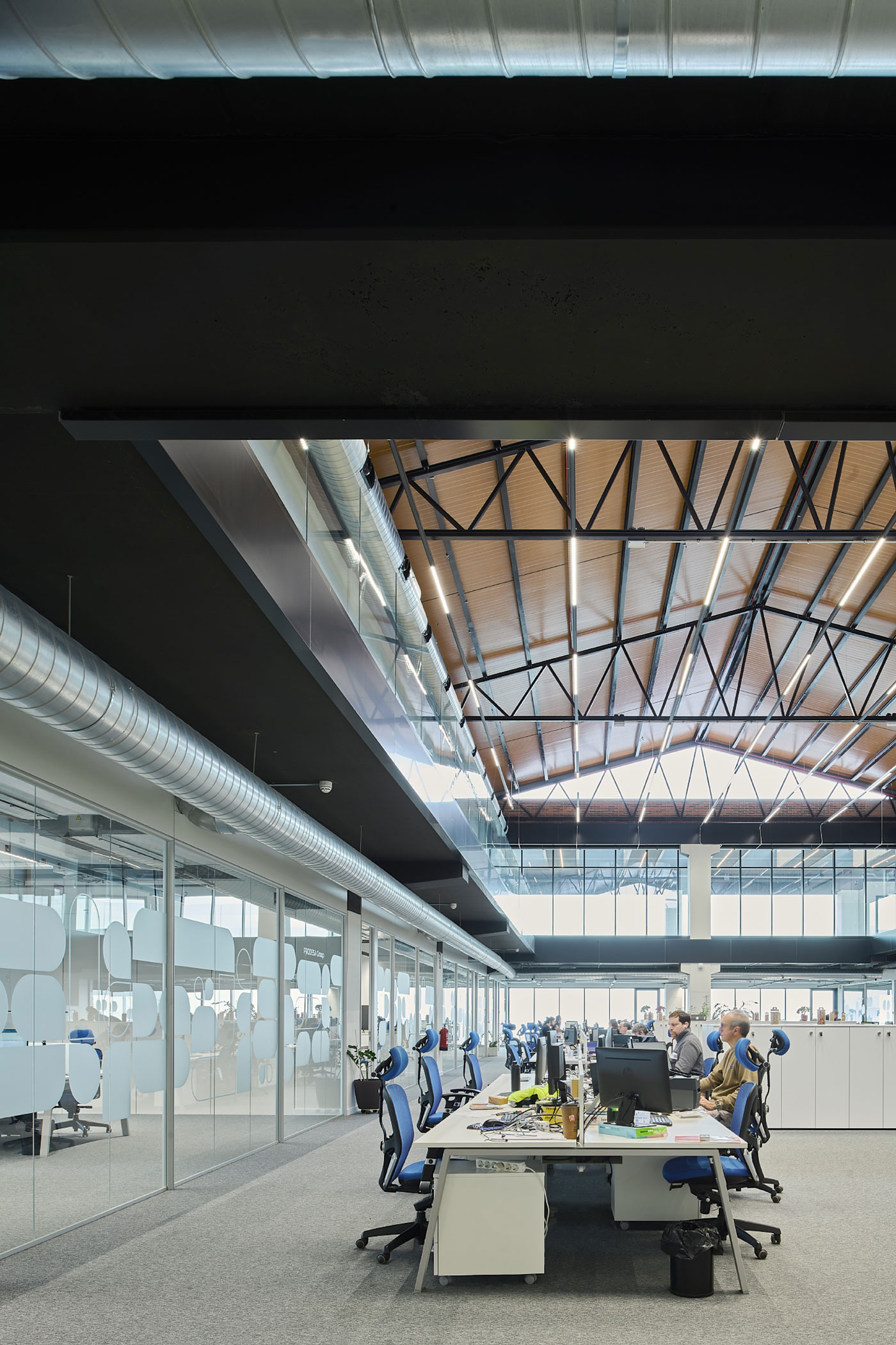 El núcleo central del edificio alberga la oficina técnica de ingeniería, un espacio amplio y luminoso con doble altura diseñado para facilitar el trabajo colaborativo. Alrededor de este corazón estratégico se distribuyen los departamentos de recursos humanos, administración y gerencia, garantizando una comunicación fluida y una visión integral del negocio.
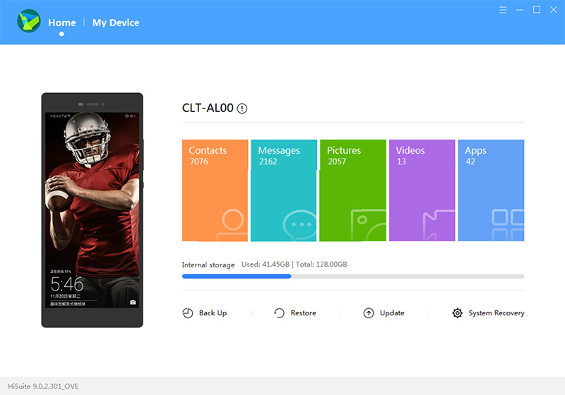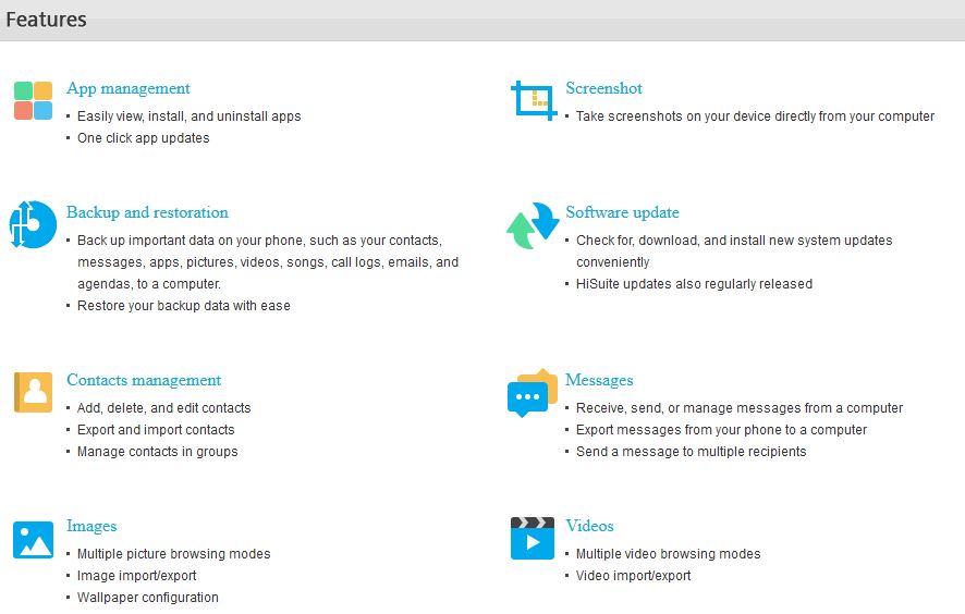 اولین قابلیت برنامه HiSuite، امکان مدیریت گوشی از طریق کامپیوتر است. شما میتوانید بر روی کامپیوتر شخصی خود به پیامها، مخاطبین، تصاویر، ویدئوها و برنامههای موجود بر روی حافظه دسترسی پیدا کنید.
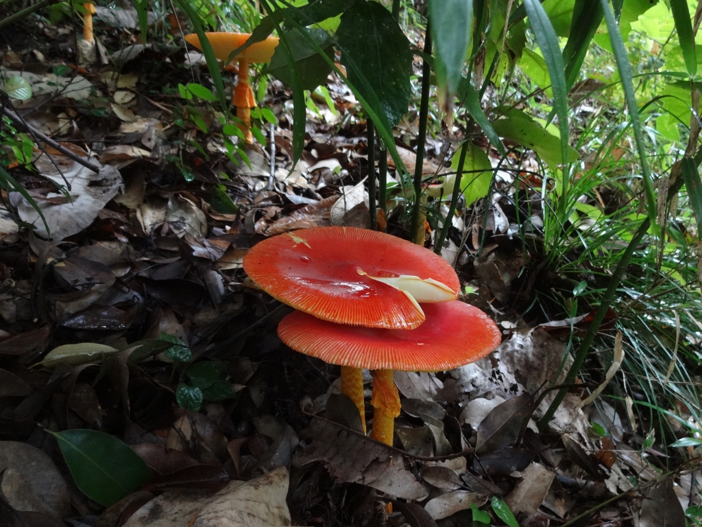 今日の昭和の森は曇っています。 昨夜の雨は上がりました。少し風が吹いています。 秋と言えば、キノコ。 暗い森の中では夏前から生えていますが。 ここのところの気候は、晴れたり雨が降ったりなので キノコ多く生育していいます。 笠が大きく鮮やかなキノコが連なっていました。
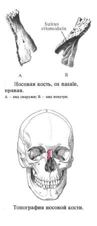 Носовая кость, os nasale парная, имеет форму четырехугольника, немного удлиненная и несколько выпуклая кпереди. Верхний край ее соединен с носовой частью лобной кости, латеральный край – с передним краем лобного отростка верхней челюсти.
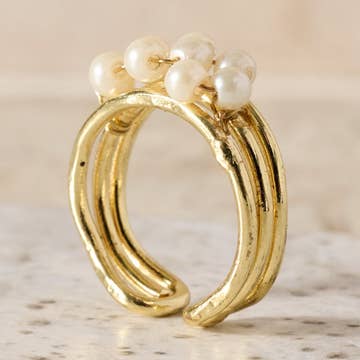 Bague dôme carré en perle blanche

..............................

**Exercise:**
Each record should be given again exactly, with no picture carried over.

**Reply:**
 El núcleo central del edificio alberga la oficina técnica de ingeniería, un espacio amplio y luminoso con doble altura diseñado para facilitar el trabajo colaborativo. Alrededor de este corazón estratégico se distribuyen los departamentos de recursos humanos, administración y gerencia, garantizando una comunicación fluida y una visión integral del negocio.
 اولین قابلیت برنامه HiSuite، امکان مدیریت گوشی از طریق کامپیوتر است. شما میتوانید بر روی کامپیوتر شخصی خود به پیامها، مخاطبین، تصاویر، ویدئوها و برنامههای موجود بر روی حافظه دسترسی پیدا کنید.
 今日の昭和の森は曇っています。 昨夜の雨は上がりました。少し風が吹いています。 秋と言えば、キノコ。 暗い森の中では夏前から生えていますが。 ここのところの気候は、晴れたり雨が降ったりなので キノコ多く生育していいます。 笠が大きく鮮やかなキノコが連なっていました。
 Носовая кость, os nasale парная, имеет форму четырехугольника, немного удлиненная и несколько выпуклая кпереди. Верхний край ее соединен с носовой частью лобной кости, латеральный край – с передним краем лобного отростка верхней челюсти.
 Bague dôme carré en perle blanche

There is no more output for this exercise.